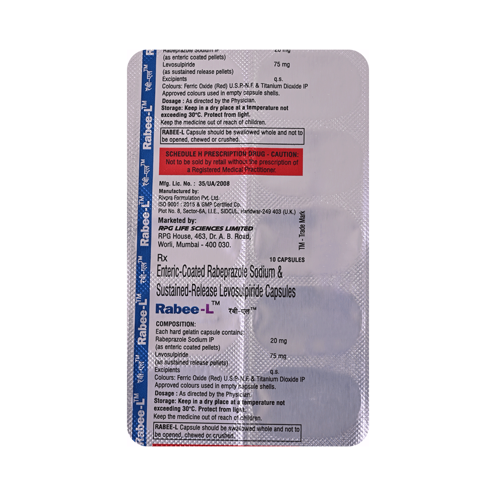 Rabee-L 75mg/20mg Capsule SR is a prescription medicine which is used in the treatment of gastroesophageal reflux disease (acid reflux), intestinal ulcers, and irritable bowel syndrome. It reduces excess acid production in the stomach and prevents the reflux of stomach acid into the food pipe. Rabee-L 75mg/20mg Capsule SR is taken with or without food in a dose and duration as advised by the doctor. The dose you are given will depend on your condition and how you respond to the medicine. You should keep taking this medicine for as long as your doctor recommends. If you stop treatment too early your symptoms may come back and your condition may worsen. Let your healthcare team know about all other medications you are taking as some may affect, or be affected by this medicine.The most common side effects are nausea, stomach pain, diarrhea, flatulence, constipation, headache, weakness, and flu-like symptoms. Most of these are temporary and usually resolve with time. Contact your doctor straight away if you are at all concerned about any of these side effects. It may also cause dizziness and sleepiness, so do not drive or do anything that requires mental focus until you know how this medicine affects you. Avoid drinking alcohol while taking this medicine as it can worsen your sleepiness.Lifestyle modifications like having fiber-rich diet, avoiding foods that trigger your symptoms, increasing fluid intake and regular exercise can help you to get better results. Before taking it, you should tell your doctor if you have any kidney or liver diseases. You should also tell your doctor if you are pregnant, planning pregnancy or breastfeeding.
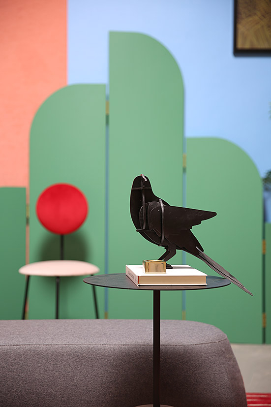 各处色彩充满了碰撞感与活力。墙上的镜画看似漫不经心胡乱切割而成,毫不规矩的边缘实为刻意之举。
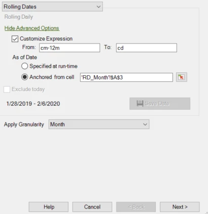 Rolling dates, custom expression calling wrong start month date. The anchored cell has the date: 2/6/2020, so 12 months before the current month should call 2/4/2019.. Any idea why the previous week is included?
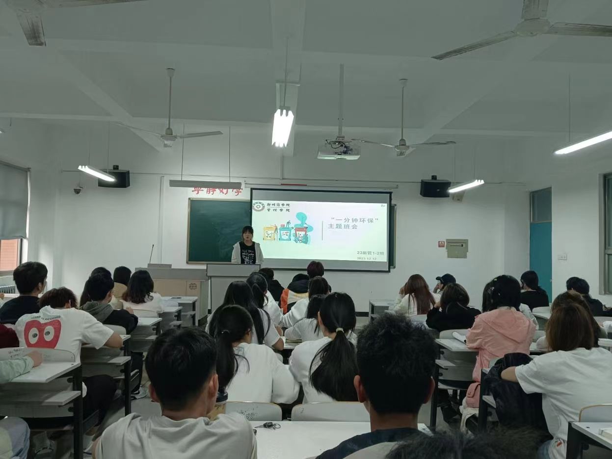 在校园生活那紧凑而又充满活力的节奏中,课间一分钟似乎只是短暂的片刻,很容易被忽视。然而,就是这看似微不足道的一分钟,却蕴含着巨大的环保潜力。为进一步提高同学们的文明卫生意识,5月6日,我院组织进行了“课间一分钟环保”主题班会。
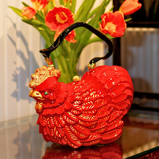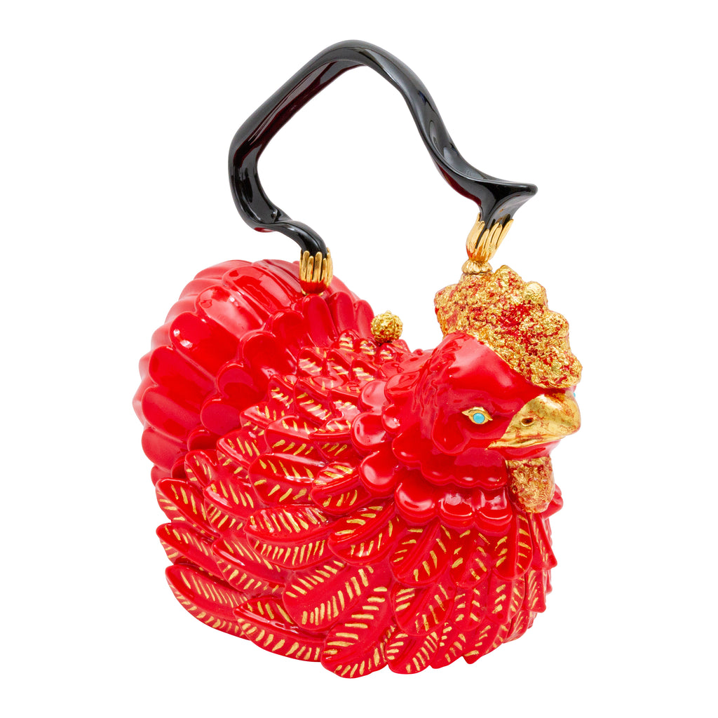 Considered to be outgoing and overconfident, the Rooster is a perfect representation for those with the desire to carry this Cock Handbag. This Red Lacquer Rooster with patina Gold Leaf details and highlights of gold in its plumage of feathers has piercing Turquiose stone eyes set in Gold. The Black Lacquer handle, inspired by nature's 'Crazy Wood', joins the body with gold plated Sterling Silver petal design.
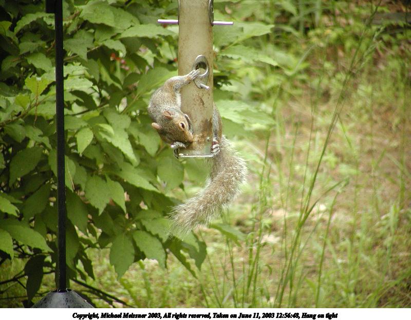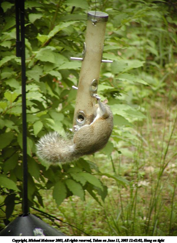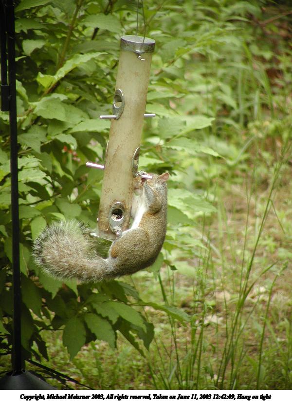 Picture #92: Hang on tight #3 800x623, 90,169 bytes (89K), (html file) Copyright, Michael Meissner 2003, All rights reserved Olympus C-2100UZ camera f/3.5, ISO 200, 1/125 sec, 65.2mm, auto mode, SHQ, cloudy, matrix metering 35mm equivalent focal length 362.0mm Taken by Michael Meissner on June 11, 2003 12:56:48 Last modified on June 11, 2003 at 13:58 Shutter speed of 1/125 or 1/250 may indicate use of flash |
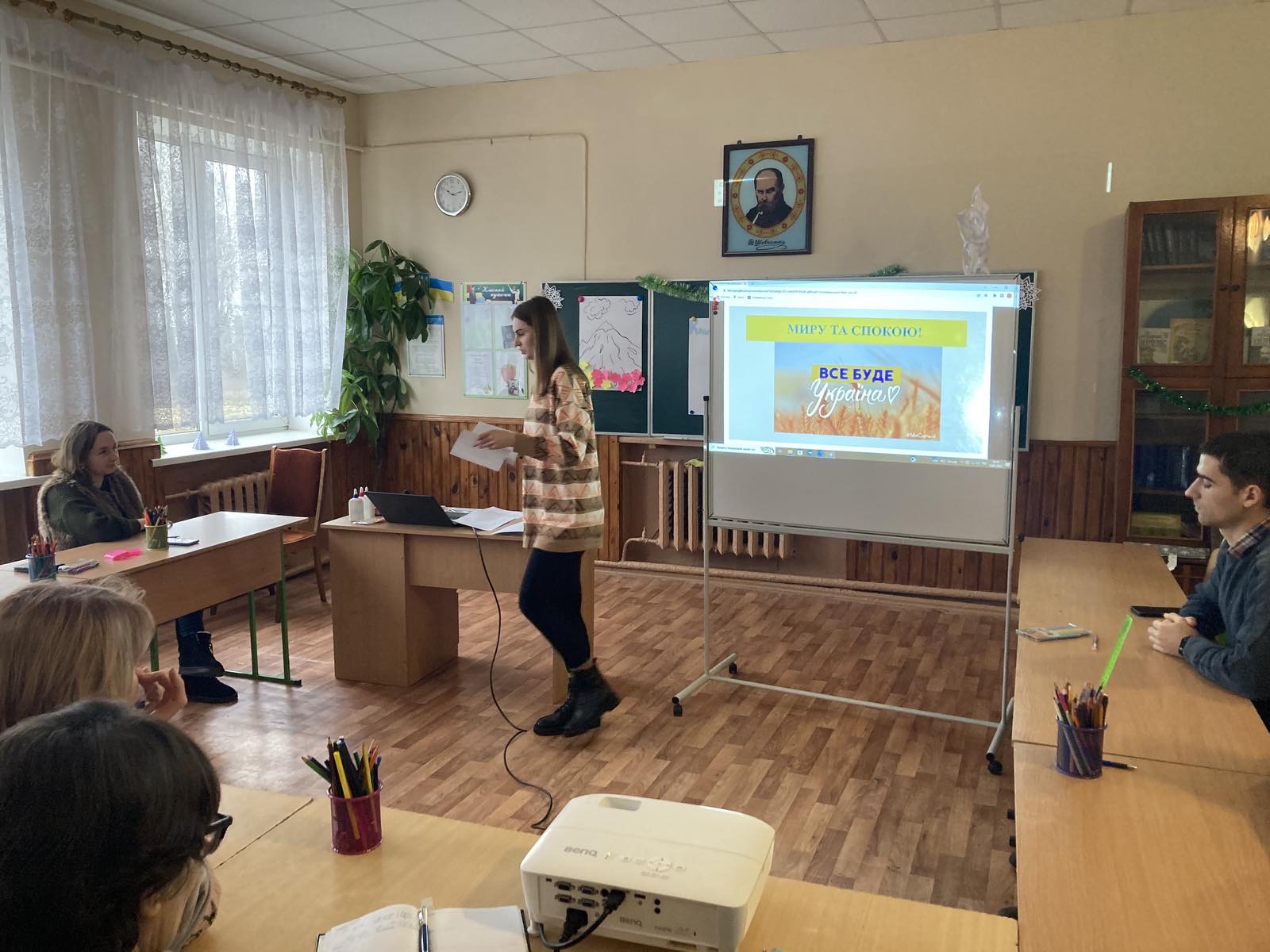 Переглянули презентацію: «Перша психологічна допомога в умовах воєнних дій». Послухали інформаційне повідомлення: «Стрес та його джерела».

Work item:
Only an exact copy of the lines from the one with "各处色彩充满了碰撞感与活力。" through the last line of the listing should be given; pictures must not be included.

Task answer:
 各处色彩充满了碰撞感与活力。墙上的镜画看似漫不经心胡乱切割而成,毫不规矩的边缘实为刻意之举。
 Rolling dates, custom expression calling wrong start month date. The anchored cell has the date: 2/6/2020, so 12 months before the current month should call 2/4/2019.. Any idea why the previous week is included?
 在校园生活那紧凑而又充满活力的节奏中,课间一分钟似乎只是短暂的片刻,很容易被忽视。然而,就是这看似微不足道的一分钟,却蕴含着巨大的环保潜力。为进一步提高同学们的文明卫生意识,5月6日,我院组织进行了“课间一分钟环保”主题班会。
 Considered to be outgoing and overconfident, the Rooster is a perfect representation for those with the desire to carry this Cock Handbag. This Red Lacquer Rooster with patina Gold Leaf details and highlights of gold in its plumage of feathers has piercing Turquiose stone eyes set in Gold. The Black Lacquer handle, inspired by nature's 'Crazy Wood', joins the body with gold plated Sterling Silver petal design.
 Picture #92: Hang on tight #3 800x623, 90,169 bytes (89K), (html file) Copyright, Michael Meissner 2003, All rights reserved Olympus C-2100UZ camera f/3.5, ISO 200, 1/125 sec, 65.2mm, auto mode, SHQ, cloudy, matrix metering 35mm equivalent focal length 362.0mm Taken by Michael Meissner on June 11, 2003 12:56:48 Last modified on June 11, 2003 at 13:58 Shutter speed of 1/125 or 1/250 may indicate use of flash |
 Переглянули презентацію: «Перша психологічна допомога в умовах воєнних дій». Послухали інформаційне повідомлення: «Стрес та його джерела».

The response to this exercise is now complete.